Outra coisa que incomoda a programadora são as várias situações em que as pessoas fazem comentários que acham engraçados, “as famosas """"piadinhas"""" -- com várias aspas mesmo --, pensando que estão fazendo tudo certo porque sempre ouviram isso, nunca questionaram e consideram algo normal. Também existe quem levante a voz, descarte todas as nossas ideias e, quando um homem sugere a exata mesma coisa, aprova e acha super legal”, diz. “E temos também os homens que gostam de explicar tudo várias vezes pra gente, achando que não entendemos ou que não sabemos como fazer algo”.

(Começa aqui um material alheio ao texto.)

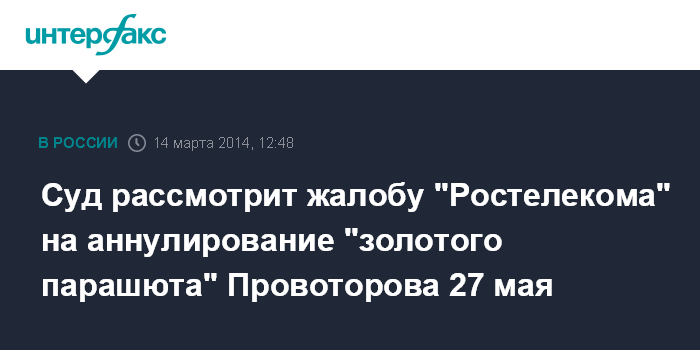 Москва. 14 марта. INTERFAX.RU - Тринадцатый арбитражный апелляционный суд (Санкт-Петербург) назначил на 27 мая рассмотрение апелляционной жалобы ОАО "Ростелеком" на решение суда первой инстанции о признании незаконным "золотого парашюта" экс-президента компании Александра Провоторова.

Hoje em dia, Ana Paula questiona esses posicionamentos e corrige quando a pessoa está sendo equivocada, cobrando atitudes e tratamentos iguais. “Mesmo assim, ainda preciso provar por A + B que sou capaz de fazer uma entrega que meu colega homem acha que não”, fala.“Algumas pessoas acreditam que a gente ama ‘fazer cena’, que não temos nenhum tratamento diferenciado ou que não sofremos nada por sermos mulheres. Essas pessoas provavelmente vão ler isso e pensar que estou exagerando. Gostaria que tentassem imaginar passar anos estudando, se dedicando para, no final, serem desconsideradas para uma vaga pelo simples fato de serem mulheres, terem que ficar muito tempo esperando para alcançar um objetivo que seu colega conseguiu rápida e tranquilamente. Como também se, caso você conquiste algo de forma rápida, alguém vai olhar e dizer: conseguiu por outros meios, não por merecimento”, finaliza.